• **Exercise brief**
Take the listing from its first line through the line that contains "Klikk på [Egenskaper]" and please retype those lines exactly, leaving out the pictures.

□ □ □ □ □

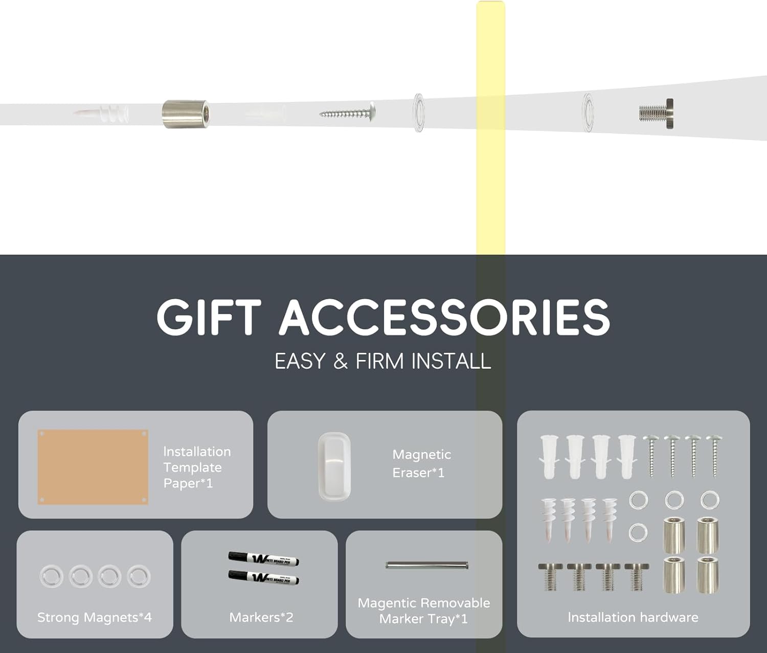- Enhanced Functionality: Our magnetic glass whiteboard comes with 4 strong magnets, 2 markers, 7 magnetic eraser, and a magnetic removable aluminum marker tray, offering everything you need for an efficient and organized workspace. The powerful magnets ensure your documents stay securely posted.
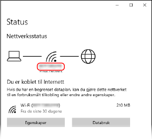 Klikk på [Egenskaper] for tilkoblet nettverk.
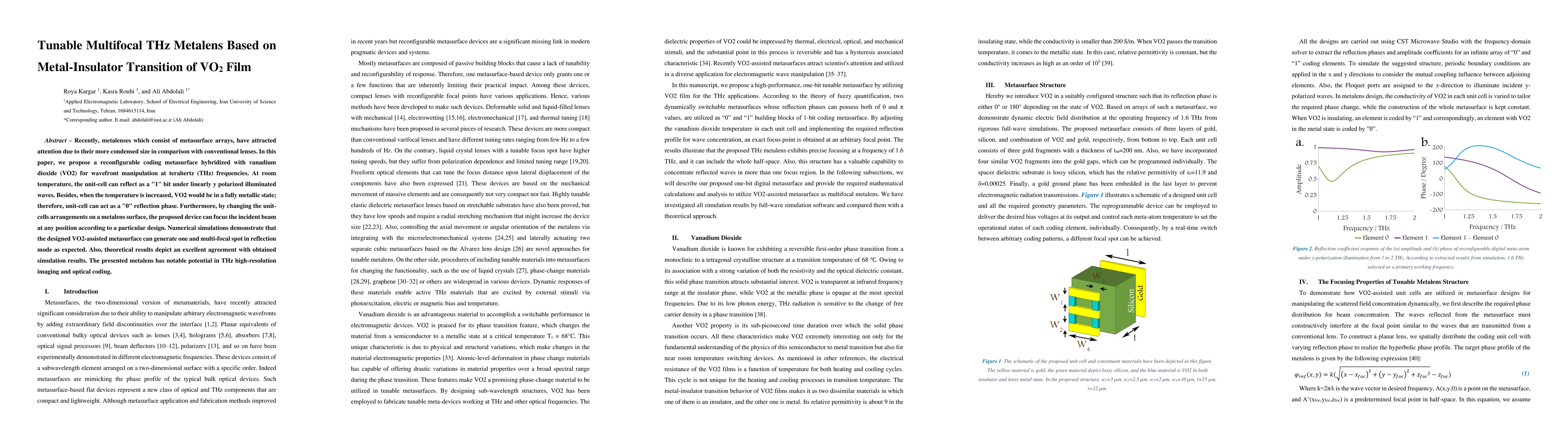 Recently, metalenses which consist of metasurface arrays, have attracted attention due to their more condensed size in comparison with conventional lenses. In this paper, we propose a reconfigurable coding metasurface hybridized with vanadium dioxide (VO2) for wavefront manipulation at terahertz (THz) frequencies. At room temperature, the unit-cell can reflect as a "1" bit under linearly y polarized illuminated waves. Besides, when the temperature is increased, VO2 would be in a fully metallic state; therefore, unit-cell can act as a "0" reflection phase. Furthermore, by changing the unit-cells arrangements on a metalens surface, the proposed device can focus the incident beam at any position according to a particular design. Numerical simulations demonstrate that the designed VO2-assisted metasurface can generate one and multi-focal spot in reflection mode as expected. Also, theoretical results depict an excellent agreement with obtained simulation results. The presented metalens has notable potential in THz high-resolution imaging and optical coding.
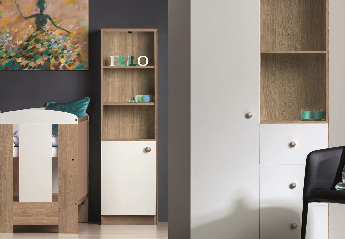 Ha a komódra ráhelyezzük a toldalékot, a komód mögötti rész kihasználatlan marad. Erre kínál tökéletes megoldást a tárolópolc, mely szinte minden bútorcsaládunknál elérhető. Csak el kell helyezni a komód mögé, akár mind a két oldalra, és máris egy kompakt pelenkázó sarokká változik, ahol minden szükséges dolog kéznél lesz, amire szükség van.
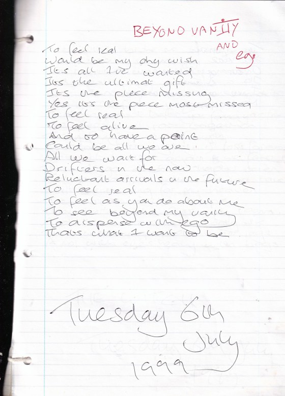 Beyond Vanity and Ego – Written Tuesday 6th July 1999 (Aged 24)
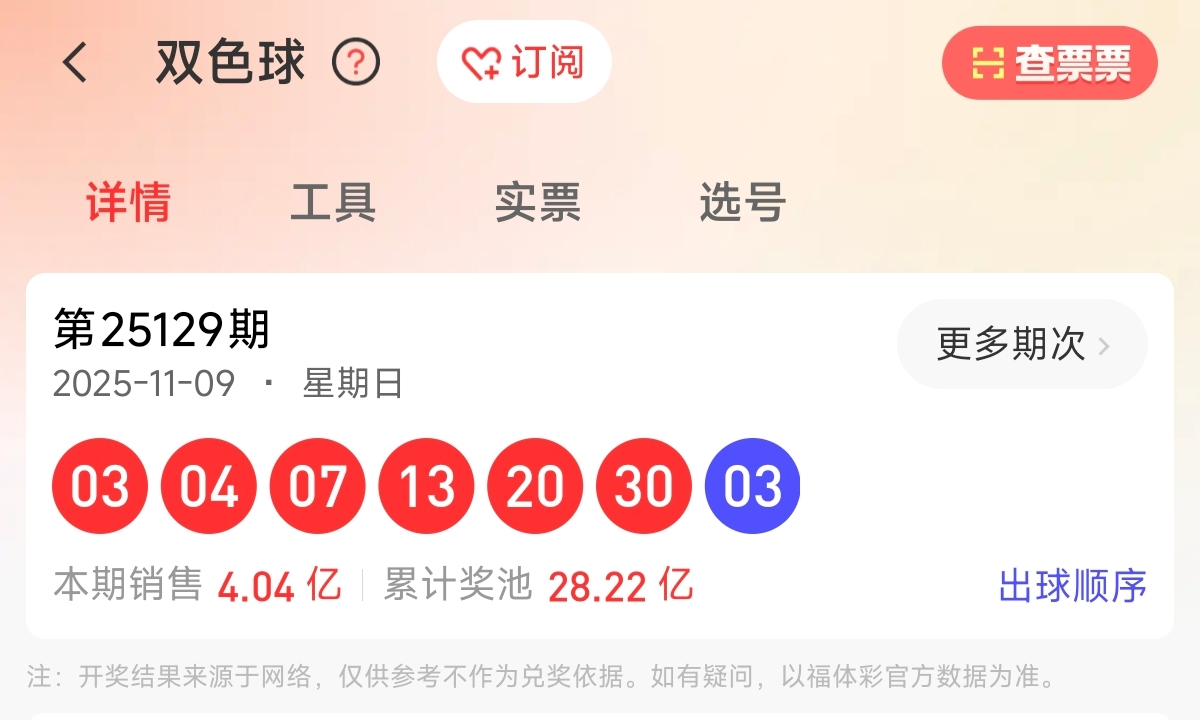 首先让我们回顾一下上期双色球25129期的开奖号码为03、04、07、13、20、30,蓝球03。和值77,跨度27,区间比为3:2:1,奇偶比为3:3。
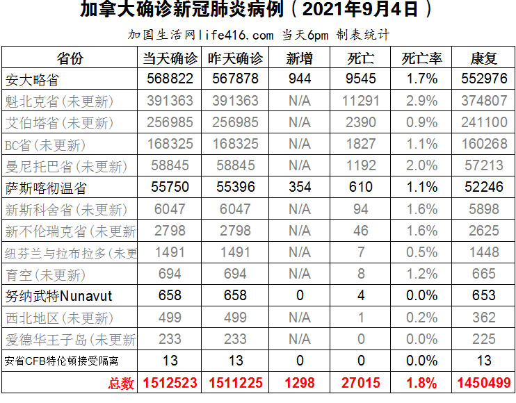 【加国生活网编译报道】截至2021年9月4日下午6点,加拿大新冠确诊病例总数为1512523(新增1298),死亡27015(新增9)。安省确诊总数568822(新增944);萨省确诊总数55750(新增354);其余省份逢周末均未更新。安省新增944例确诊病例,创自5月底以来的最高记录,其中22%属于已接种了两剂疫苗;约克区卫生部要求在家中或工作场所举办社交聚会的人实施接触者追踪政策;有关加拿大第三剂疫苗的最新进展。加国生活网专门制作了如下统计数据表:

□ □ □ □ □

• **Response**
- Enhanced Functionality: Our magnetic glass whiteboard comes with 4 strong magnets, 2 markers, 7 magnetic eraser, and a magnetic removable aluminum marker tray, offering everything you need for an efficient and organized workspace. The powerful magnets ensure your documents stay securely posted.
 Klikk på [Egenskaper] for tilkoblet nettverk.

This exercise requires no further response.